You are viewing a plain text version of this content. The canonical link for it is here.
Posted to general@xml.apache.org by Peter Chen <sl...@psn.net> on 2000/04/07 08:45:42 UTC

XSLT problem . . .

I hope someone on this list can help me with this problem.  I am trying to use XSLT to transform a XML document into another XML document.  The problem here is that the source XML document is highly denormalized.  I say denormalized to mean that the XML document has much redundant data.  I would like to transform the denormalized XML document, via XSLT, into a normalized XML document.  For example, a denormalized XML document may be like:

<GROUP>group A</GROUP>
    <SECTION>section 1</SECTION>
        <STUFF>0001</STUFF>
        <MORE_STUFF>000000001</MORE_STUFF>
<GROUP>group A</GROUP>
    <SECTION>section 1</SECTION>
        <STUFF>0002</STUFF>
        <MORE_STUFF>000000002</MORE_STUFF>
    
The normalized form of the above XML document would look like:

<GROUP>group A</GROUP>
    <SECTION>section 1</SECTION>
        <STUFF>0001</STUFF>
        <STUFF>0002</STUFF>
        <MORE_STUFF>000000001</MORE_STUFF>
        <MORE_STUFF>000000002</MORE_STUFF>

The above XML document represents the same data as the first XML document in a more compact manner (we are assuming that the corresponding DTD defines element "STUFF" and "MORE_STUFF" to be repeating elements).
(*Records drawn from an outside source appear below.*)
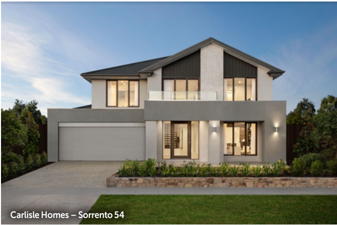
Carlisle Homes – Sorrento 54
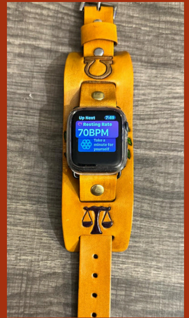
Mixing modern technology with Indigenous Art

“...I am self taught and slowly as time went by I continued on in my ventures making belts, purses, key chains and anything I could make magic on leather. I have now been working leather for 37 years and now have my business called Tribal Lethers. This is me and my passion which relaxes me and gives me peace. I love to create these works of art and am proud to be part of the Nanticoke Lenni Lenape Tribe of New Jersey!”
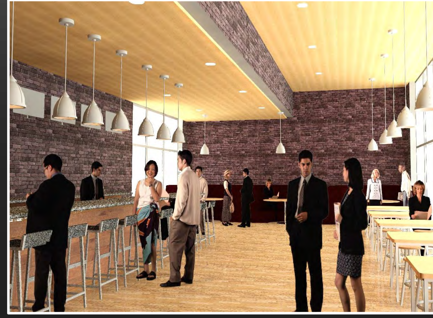
A restaurant with a bar will give a place for a busy family to enjoy a meal together, while giving adults a place to hang out.
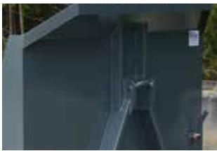
Rock Box Cab Guard

*Additional Options include Dual Purpose Systems and Narrower Widths For Nesting
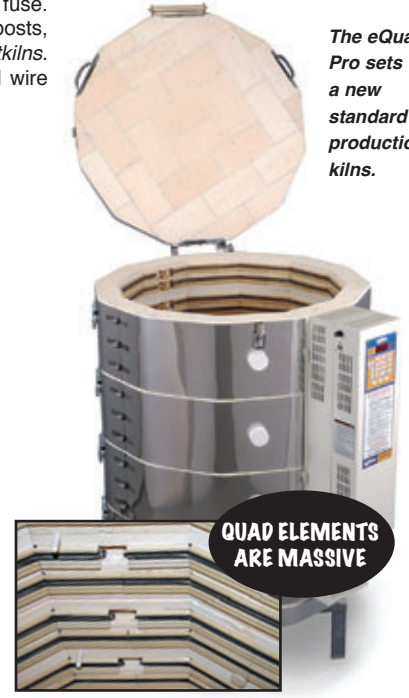
The eQuad-Pro sets a new standard in production kilns.

*Note: Special model eQ2836-X-208-1P is available with 16.6 KW, 208 Volt/1 Phase, 80 amps for a 100 amp fuse. Furniture Kit: includes the shelves listed above plus six (6) each of 1/2", 1", 2", 4", 6" and 8" high square posts, plus insulated gloves for unloading, and 5 lbs of Cone 10 kiln wash. Cone Rating: Cone 10 More: See hotkilns.com/spec-equad-pro for additional information like shipping dimensions, electrical ratings, fuse sizes and wire connection sizes. For controls see hotkilns.com/dynatrol and hotkilns.com/zone-control .
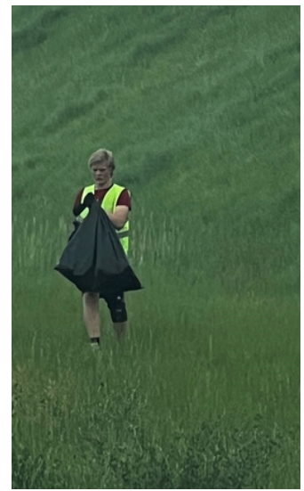
Curry Comb 4-H club teamed up with the Lions Club this summer for their annual highway cleanup. Great job, crew!
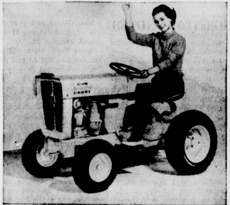
Suburban living fast is becoming a pleasant way of life as new machines are put in the market to simplify outdoor household chores through mechanization. More of such conveniences are in prospect, too. Latest entry is this International Cub Cadet, a compact lawn and garden tractor.

Is there a way to do the above with XSLT and not comparing any of the actual element values?
Any help is appreciated.



Re: XSLT problem . . .

Posted by David Bourget <db...@videotron.ca>.
Hi Peter,

The only way I see you could achieve this without looking at the elements pcdata would require some heuristics about the document formation process. Example : is the stuff for group A ALWAYS written first, does it always contains the same number of sections etc.. And I think this is very unlikely to give you a complete solution, and this is very un-elegant and error prone. So I would recommend you to use very simple regular expressions. I know RE support to be planed in future versions of XSLT, for now you will have to use another method or XSLT extensions. If your source document is as simple as it seems you could probably write a little script in python or perl using an xml module and have the task done in a snap.. XSLt is not the universal solution :)

I hope this help,
David.


  ----- Original Message ----- 
  From: Peter Chen 
  To: general@xml.apache.org 
  Sent: Friday, April 07, 2000 2:45 AM
  Subject: XSLT problem . . .


  I hope someone on this list can help me with this problem.  I am trying to use XSLT to transform a XML document into another XML document.  The problem here is that the source XML document is highly denormalized.  I say denormalized to mean that the XML document has much redundant data.  I would like to transform the denormalized XML document, via XSLT, into a normalized XML document.  For example, a denormalized XML document may be like:

  <GROUP>group A</GROUP>
      <SECTION>section 1</SECTION>
          <STUFF>0001</STUFF>
          <MORE_STUFF>000000001</MORE_STUFF>
  <GROUP>group A</GROUP>
      <SECTION>section 1</SECTION> 
          <STUFF>0002</STUFF>
          <MORE_STUFF>000000002</MORE_STUFF>
      
  The normalized form of the above XML document would look like:

  <GROUP>group A</GROUP>
      <SECTION>section 1</SECTION>
          <STUFF>0001</STUFF>
          <STUFF>0002</STUFF>
          <MORE_STUFF>000000001</MORE_STUFF>
          <MORE_STUFF>000000002</MORE_STUFF>

  The above XML document represents the same data as the first XML document in a more compact manner (we are assuming that the corresponding DTD defines element "STUFF" and "MORE_STUFF" to be repeating elements).

  Is there a way to do the above with XSLT and not comparing any of the actual element values?
  Any help is appreciated.